Former Secretary of State Hillary Clinton said this week that U.S. Supreme Court conservative Justice Clarence Thomas has been "a person of grievance" since she attended law school with him at Yale in the early 1970s.
"I went to law school with him," Clinton said in a CBS Mornings interview posted on Twitter by the network Tuesday. "He’s been a person of grievance for as long as I've known him: resentment, grievance, anger, and he has signaled in the past to lower courts, to state legislatures, to find cases, pass laws, 'get them up' [to the Supreme Court]."
Clinton and Thomas were at the school between 1969-74, according to their individual biographies.
Thomas is one of the majority of six conservative justices who voted last week to overturn 1973’s Roe v. Wade decision that made abortion legal nationwide.
In the Dobbs v.

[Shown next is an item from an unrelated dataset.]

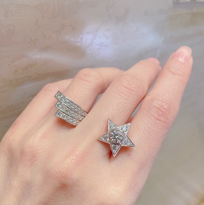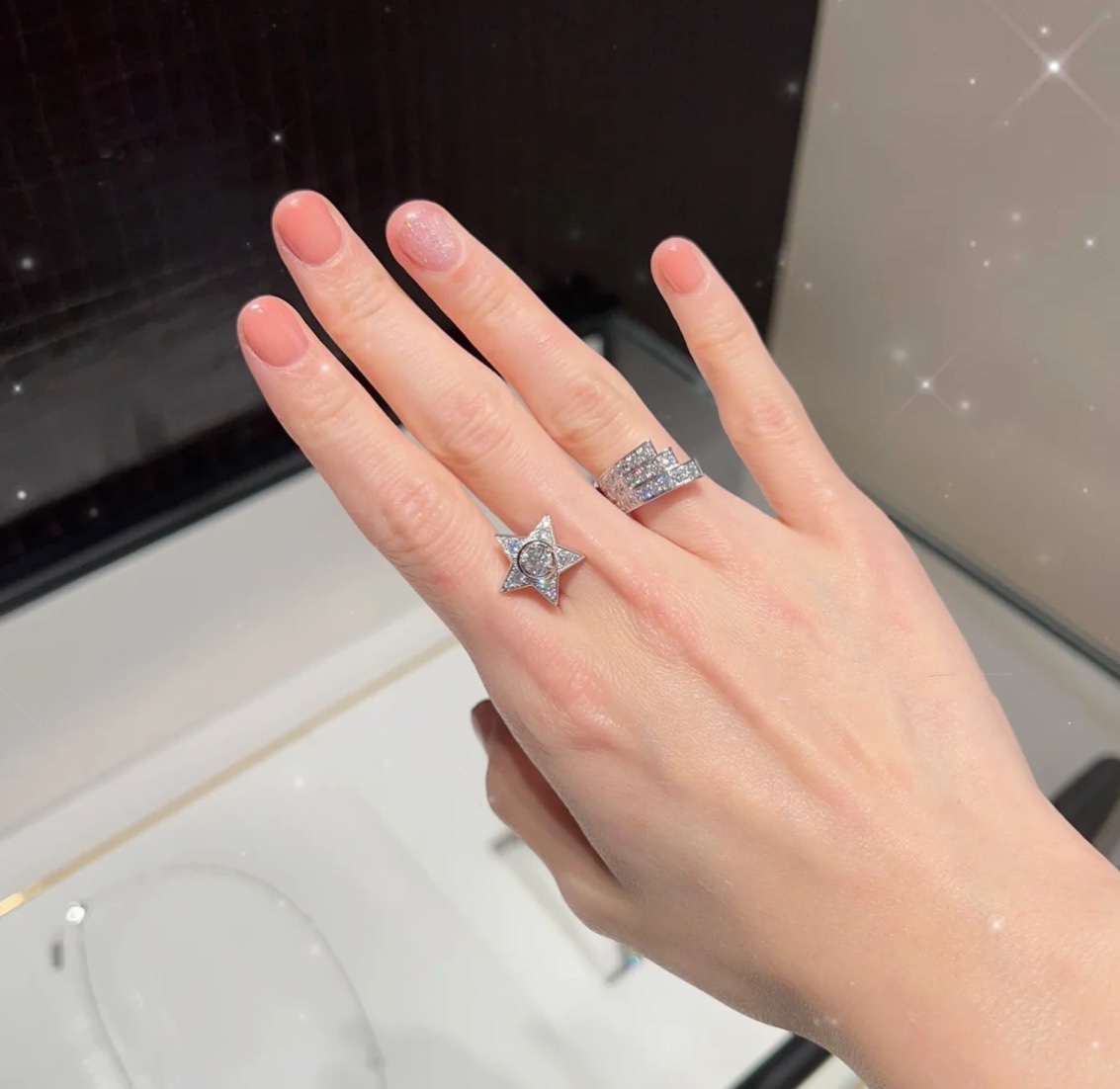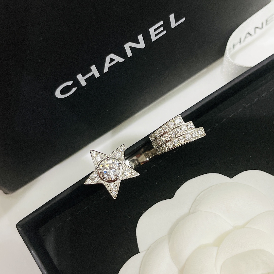 I5 Chanel 小香 22年 高级珠宝 唯美 奢侈 代购级别 彗星 流星 开口戒指 高端定制 精工打造进口S925纯银材质电镀18k金 超美腻唯美流星图案 三排钻 市面最高版本 独家首发 小仙女推荐 戒指

Jackson Women’s Health case decided last week, the court overturned the decision and sent the issue back to the states to decide.
In his separate concurrent opinion, Thomas said the court should revisit certain cases decided on the 14th Amendment’s due process clause because they were "demonstrably erroneous."
"Nothing in the court's opinion should be understood to cast doubt on precedents that do not concern abortion," Thomas wrote. "For that reason, in future cases, we should reconsider all of this court's substantive due process precedents, including Griswold [right of married people to obtain contraception], Lawrence [right to engage in consensual sexual acts], and Obergefell [right to same-sex marriage]."
Clinton said that this part of his concurrent opinion was "signaling" for lower courts and conservative states to bring a case regarding these previous rulings back in front of the court to be overruled.
"The people he is speaking to, which are the right-wing, very conservative judges, and justices, and state legislatures," Clinton said. "There's so many things about it that are deeply distressing, but women are going to die, women will die."
Thomas, who just turned 74, was appointed to the supreme court by President George H.W. Bush, taking his seat on Oct. 23, 1991, after contentious confirmation hearings in the U.S. Senate.
Clinton lost to former Republican President Donald Trump in 2016, who went on to appoint three conservative justices top the high court that he said would overturn the Roe decision.